The absence of Deter means we’ll have to be even more vigilant and careful than usual with our slug pelleting, though.
The unsettled August really helped our OSR, the vast majority of which looks very well at 4-6 leaves despite not being sown early. Good levels of soil moisture enabled it to get away from a relatively late flea beetle migration.
A dry September did cause us some concern. But better conditions overall, and the fact that those sticking with the crop are the most committed growers, have made all the difference.
As well as employing long stubbles, companion cropping, fast-developing hybrids and seed-bed fertilisation, not forgetting the essentials of good autumn OSR management in the face of flea beetle, has been crucial here.
Speaking of which, our key priority now is getting the clethodim on to hold back blackgrass so we aren’t forced to use propyzamide too early, while leaving enough space for any phoma or even metconazole sprays.
North: Helen Brown
What a relief to finally see the back of the 2019-20 cropping year, which was difficult from start to finish, with yields in Cumbria this harvest certainly reflected the testing season.
Although we were unable to host our annual open day at our Cumbrian trial site, the results gained have still been useful and we had some particularly interesting findings from our wheat seed rate trials.
The 2019-20 season showed a much more pronounced effect of seed rates upon yield compared with the previous season, undoubtably owed to wet weather hindering crop establishment and a dry spring reducing tiller numbers.
More interesting perhaps was that we looked at ways to tailor inputs to spring plant populations, to influence final yield.
We found some successes in applying early plant growth regulator (trinexapac-ethyl and prohexadione) to low seed-rate plots, which increased yield by 3t/ha on this site compared with plots with no plant growth regulator due to increased tillering.
Additionally, we found that triple super phosphate (TSP) applied in February to low seed rates, aimed at promoting rooting and tillering, was beneficial to increasing yield in this scenario by 1.7t/ha.
Drilling of autumn cereals is about 80-90% completed in Cumbria, with most growers keen to drill early after the difficulties last season, and the drilling left to complete is mostly wheat to be planted after maize crops.
Maize harvest is well under way in Cumbria. Most maize drilled under plastic has now been harvested, however, fields drilled in the open are lagging behind, in terms of maturity and crop biomass.

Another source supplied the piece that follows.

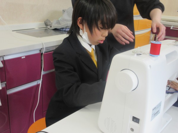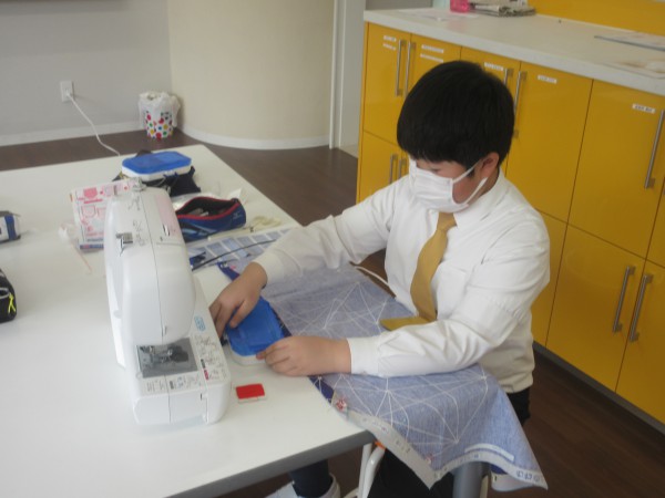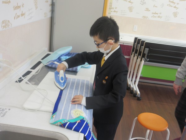 Fifth-graders made aprons during home economics time. They prepared to sew by using an iron to crease the cloth and using a needle to sew the parts to be sewn with a sewing machine. And They ware able to sew straight using a sewing machine. Every time They use it, They get better at using the sewing machine.

Generally, winter cereals have emerged nicely and are looking good, and unlike last year we have been able to apply autumn residuals, which are key for targeting annual meadow grass and bromes, which are the most common grassweed issues in our region.
I am pleased that our local trial site has been drilled for the fourth year running.
This year, along with the usual variety and seed-rate trials, we have some interesting work with seed treatments and even a blend of wheat varieties.